E se não gastarem o salário com futilidades na Daslu, quem sabe elas conseguem comprar um apartamento com nome em inglês, bem perto do local de trabalho e com vista para o novo cartão-postal da cidade.
Antes mesmo da inauguração oficial, metade da praça José Anthero Guedes foi ocupada por um evento promocional, realizado pela empresa que fará a iluminação da ponte. Festa privada em espaço público, com direito até a segurança pública.
Na beira do esgoto, a elite paulistana se divertiu, ficou por dentro das novas tendências de consumo, fez negócios e pode até assistir a shows de gente famosa.
Mais uma bolha temporária para entreter a “minoria branca”.
Do outro lado da rua, a realidade parece mais complexa.
A imagem de fundo não combina com a placa da rua.

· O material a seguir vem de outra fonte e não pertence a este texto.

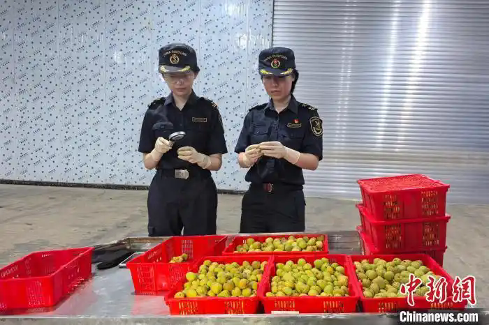 海關(guān)工作人員對今年茂名首批出口荔枝進(jìn)行查驗(yàn)。湯柏生 攝
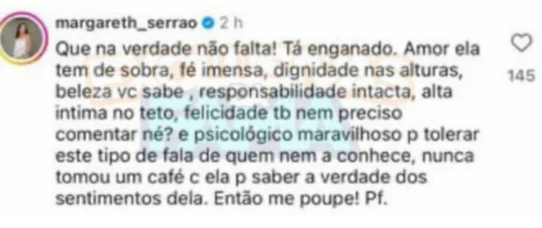 Margareth Serrão saiu em defesa de Virginia após comentário de internauta

Imagina se alguém repara e começa a chamar o local de “favela Roberto Marinho”? Não pega bem, é melhor limpar, mandar “essa gente” comprar casa em outro lugar com os 8 mil reais…

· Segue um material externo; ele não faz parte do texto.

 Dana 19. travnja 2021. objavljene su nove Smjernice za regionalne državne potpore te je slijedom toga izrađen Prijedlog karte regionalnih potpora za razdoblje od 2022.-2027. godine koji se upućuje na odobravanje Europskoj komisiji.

… e depois a gente chama eles de novo, paga R$ 25 por dia e eles vêm fazer propaganda dos nossos empreendimentos imobiliários, assistem a nossa tevê, consomem nossos produtos.
Nos fundos da Favela Roberto Marinho, outra praça. O mato alto mostra que a praça Arlindo Rossi ainda não entrou na rota dos especuladores, que talvez tentassem incorporá-la a algum “condomínio-parque”.

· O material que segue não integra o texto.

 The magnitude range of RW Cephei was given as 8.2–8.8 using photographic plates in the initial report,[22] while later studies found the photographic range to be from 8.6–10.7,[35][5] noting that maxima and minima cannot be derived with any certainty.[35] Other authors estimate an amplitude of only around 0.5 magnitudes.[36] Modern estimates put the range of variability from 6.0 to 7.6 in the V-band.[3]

A praça Arlindo Rossi é freqüentada por moradores da favela e das casas de classe média baixa que integram o Quilombo Vladimir Herzog.
De cima do brinquedo, as crianças talvez nem reparem no novo cartão-postal da sociedade do automóvel, mas sim fiquem pensando que a futura casa de seus pais será lá longe, perto de onde o Sol se põe.
“Porque aqui, meu filho, é lugar de gente bacana, igual àqueles que a gente vê na novela andando com um carrão por cima da ponte”.
O custo de uma ponte estaiada
Parabéns São Paulo por mais um monumento ao congestionamento e a segregação. Seja bem vindo “Estilingão”!!!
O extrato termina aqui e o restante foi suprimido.